East Liberty Circulation and Mobility Action Plan
East Liberty, a neighborhood in Pittsburgh, has seen major urban transformations since the mid-twentieth century. It was settled as a walkable neighborhood with short blocks, a continuous street grid, a commercial district, and good transit service. As the city lost businesses and residents to the suburbs in the 1960’s, the neighborhood experienced decline. It was inadvertently precipitated by a major urban renewal project that disrupted streets to create a highway-like ring road around the business district, destroyed over a thousand buildings to create large parking lots, and replaced hundreds of houses with subsidized high-rise apartment buildings. Forty years of disinvestment left the neighborhood with high rates of vacancy, neglect, and crime.
Beginning with the Community Plan in 1999, East Liberty has been engaged in a multi-faceted community development effort, which has involved ongoing community-based planning. East Liberty Development, Inc. (ELDI), its non-profit community development organization, has worked with the local Chamber of Commerce and other community partners to bring back businesses, build mixed-income housing, and improve community amenities. Depressed property values have risen and crime rates have fallen. Private developers have started to invest in new commercial, residential, and mixed-use projects.

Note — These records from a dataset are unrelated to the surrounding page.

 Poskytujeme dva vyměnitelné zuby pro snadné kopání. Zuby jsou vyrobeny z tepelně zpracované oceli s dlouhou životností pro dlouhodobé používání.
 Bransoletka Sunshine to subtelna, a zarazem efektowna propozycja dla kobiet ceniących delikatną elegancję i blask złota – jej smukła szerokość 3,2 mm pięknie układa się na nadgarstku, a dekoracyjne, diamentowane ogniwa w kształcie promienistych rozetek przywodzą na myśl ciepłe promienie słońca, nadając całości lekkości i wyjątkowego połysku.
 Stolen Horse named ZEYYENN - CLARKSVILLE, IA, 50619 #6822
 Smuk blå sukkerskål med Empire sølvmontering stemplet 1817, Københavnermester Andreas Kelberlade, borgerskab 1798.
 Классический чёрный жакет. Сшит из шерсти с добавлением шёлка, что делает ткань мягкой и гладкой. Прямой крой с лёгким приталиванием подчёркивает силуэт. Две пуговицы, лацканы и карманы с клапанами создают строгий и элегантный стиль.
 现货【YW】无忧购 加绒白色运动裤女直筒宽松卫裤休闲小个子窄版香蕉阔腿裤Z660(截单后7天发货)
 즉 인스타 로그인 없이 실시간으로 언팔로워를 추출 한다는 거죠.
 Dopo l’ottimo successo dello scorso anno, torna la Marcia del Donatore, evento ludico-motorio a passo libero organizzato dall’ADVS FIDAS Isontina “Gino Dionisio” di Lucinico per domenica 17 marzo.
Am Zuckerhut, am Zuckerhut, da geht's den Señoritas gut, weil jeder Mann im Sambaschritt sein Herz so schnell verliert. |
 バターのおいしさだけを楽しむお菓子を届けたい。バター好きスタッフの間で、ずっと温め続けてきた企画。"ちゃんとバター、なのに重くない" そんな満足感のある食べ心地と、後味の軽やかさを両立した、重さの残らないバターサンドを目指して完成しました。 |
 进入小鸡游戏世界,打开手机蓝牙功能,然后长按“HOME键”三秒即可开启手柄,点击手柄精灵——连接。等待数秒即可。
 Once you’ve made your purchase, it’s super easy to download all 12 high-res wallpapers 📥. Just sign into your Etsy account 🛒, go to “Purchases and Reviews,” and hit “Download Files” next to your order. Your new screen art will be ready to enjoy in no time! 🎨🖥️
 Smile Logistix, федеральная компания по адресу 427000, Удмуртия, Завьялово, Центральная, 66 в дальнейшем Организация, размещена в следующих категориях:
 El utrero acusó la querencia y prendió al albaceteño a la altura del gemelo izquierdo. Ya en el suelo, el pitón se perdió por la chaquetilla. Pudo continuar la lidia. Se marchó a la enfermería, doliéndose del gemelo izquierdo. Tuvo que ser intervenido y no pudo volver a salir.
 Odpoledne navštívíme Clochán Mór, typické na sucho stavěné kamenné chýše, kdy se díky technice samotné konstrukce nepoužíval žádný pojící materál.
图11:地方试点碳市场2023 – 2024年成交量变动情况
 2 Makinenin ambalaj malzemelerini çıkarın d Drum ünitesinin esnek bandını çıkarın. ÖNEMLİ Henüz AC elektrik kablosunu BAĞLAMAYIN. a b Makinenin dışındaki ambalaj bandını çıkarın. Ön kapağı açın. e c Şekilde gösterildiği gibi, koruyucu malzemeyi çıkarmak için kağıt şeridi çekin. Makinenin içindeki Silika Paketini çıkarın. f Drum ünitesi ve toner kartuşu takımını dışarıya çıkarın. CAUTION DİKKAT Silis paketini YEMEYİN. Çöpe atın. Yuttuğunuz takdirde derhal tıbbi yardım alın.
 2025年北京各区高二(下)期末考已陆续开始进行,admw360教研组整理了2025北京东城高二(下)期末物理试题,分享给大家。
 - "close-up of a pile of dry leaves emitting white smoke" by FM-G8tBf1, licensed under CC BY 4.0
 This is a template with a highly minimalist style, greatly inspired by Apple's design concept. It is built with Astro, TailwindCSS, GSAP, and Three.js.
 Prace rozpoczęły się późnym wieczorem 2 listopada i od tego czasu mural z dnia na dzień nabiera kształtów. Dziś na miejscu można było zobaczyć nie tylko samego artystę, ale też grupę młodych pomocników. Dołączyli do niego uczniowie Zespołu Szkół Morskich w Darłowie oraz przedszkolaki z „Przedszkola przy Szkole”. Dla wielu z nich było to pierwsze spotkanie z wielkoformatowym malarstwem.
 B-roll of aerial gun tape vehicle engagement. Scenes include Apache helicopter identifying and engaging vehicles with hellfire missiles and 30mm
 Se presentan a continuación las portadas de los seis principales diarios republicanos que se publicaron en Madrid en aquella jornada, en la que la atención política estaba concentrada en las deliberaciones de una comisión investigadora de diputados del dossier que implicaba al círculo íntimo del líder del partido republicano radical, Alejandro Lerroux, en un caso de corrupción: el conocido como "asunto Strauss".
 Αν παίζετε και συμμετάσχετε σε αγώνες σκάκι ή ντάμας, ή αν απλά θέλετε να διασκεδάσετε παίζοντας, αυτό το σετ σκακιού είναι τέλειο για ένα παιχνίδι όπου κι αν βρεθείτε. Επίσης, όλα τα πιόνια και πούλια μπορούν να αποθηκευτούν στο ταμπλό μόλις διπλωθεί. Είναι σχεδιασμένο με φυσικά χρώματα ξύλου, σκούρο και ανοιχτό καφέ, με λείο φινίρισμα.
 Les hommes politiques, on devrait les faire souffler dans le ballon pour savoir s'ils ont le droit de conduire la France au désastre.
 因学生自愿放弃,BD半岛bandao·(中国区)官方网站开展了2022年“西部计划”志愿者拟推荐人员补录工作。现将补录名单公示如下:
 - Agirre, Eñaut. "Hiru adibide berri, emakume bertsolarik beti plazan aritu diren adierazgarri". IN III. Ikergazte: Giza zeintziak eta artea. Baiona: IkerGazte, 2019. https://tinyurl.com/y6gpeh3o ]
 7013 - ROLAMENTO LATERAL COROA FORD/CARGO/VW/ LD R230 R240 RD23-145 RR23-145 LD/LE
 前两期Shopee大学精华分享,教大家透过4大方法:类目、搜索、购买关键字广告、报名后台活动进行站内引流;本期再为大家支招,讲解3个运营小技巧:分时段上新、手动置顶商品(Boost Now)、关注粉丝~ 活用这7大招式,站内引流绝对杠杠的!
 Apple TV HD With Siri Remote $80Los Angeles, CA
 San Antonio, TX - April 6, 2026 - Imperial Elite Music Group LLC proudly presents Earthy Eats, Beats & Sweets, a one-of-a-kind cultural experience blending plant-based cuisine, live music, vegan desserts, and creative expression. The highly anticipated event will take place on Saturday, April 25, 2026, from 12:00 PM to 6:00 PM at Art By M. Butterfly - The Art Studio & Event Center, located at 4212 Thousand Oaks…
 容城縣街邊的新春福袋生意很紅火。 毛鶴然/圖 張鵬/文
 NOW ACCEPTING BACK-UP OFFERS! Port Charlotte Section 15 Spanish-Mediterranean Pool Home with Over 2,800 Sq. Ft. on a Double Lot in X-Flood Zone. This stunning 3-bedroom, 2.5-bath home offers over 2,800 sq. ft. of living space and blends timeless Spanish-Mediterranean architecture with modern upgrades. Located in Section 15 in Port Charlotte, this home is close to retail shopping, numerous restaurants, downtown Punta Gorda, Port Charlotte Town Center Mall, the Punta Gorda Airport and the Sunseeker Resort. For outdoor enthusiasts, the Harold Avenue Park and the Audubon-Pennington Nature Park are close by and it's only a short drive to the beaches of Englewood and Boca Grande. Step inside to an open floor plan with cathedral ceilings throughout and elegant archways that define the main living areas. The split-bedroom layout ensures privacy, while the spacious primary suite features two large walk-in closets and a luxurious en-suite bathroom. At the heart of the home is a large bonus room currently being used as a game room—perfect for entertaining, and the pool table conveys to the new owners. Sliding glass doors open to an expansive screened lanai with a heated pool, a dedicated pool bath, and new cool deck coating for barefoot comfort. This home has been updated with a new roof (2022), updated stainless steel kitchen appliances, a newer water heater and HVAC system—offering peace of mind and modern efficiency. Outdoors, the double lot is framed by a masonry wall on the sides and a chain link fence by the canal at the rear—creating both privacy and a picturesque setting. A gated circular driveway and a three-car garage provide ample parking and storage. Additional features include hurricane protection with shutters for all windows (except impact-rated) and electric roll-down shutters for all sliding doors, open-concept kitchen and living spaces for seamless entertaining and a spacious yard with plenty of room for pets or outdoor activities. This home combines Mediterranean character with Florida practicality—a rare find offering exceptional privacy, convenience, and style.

With the marked increase in commercial activities and residential population, traffic and parking issues are becoming more critical. In fact, those issues are the highest priority of the community’s ongoing concerns for good circulation and mobility, which have been discussed since the planning process began in 1999. The most recent community plan update in 2011 reinforced the importance of safe and effective access throughout the neighborhood. Accordingly, East Liberty Development Inc. engaged the Remaking Cities Institute from Carnegie Mellon University (RCI) to study walkability and accessibility and Walker Parking Consultants to study parking, focusing primarily on the business district in East Liberty.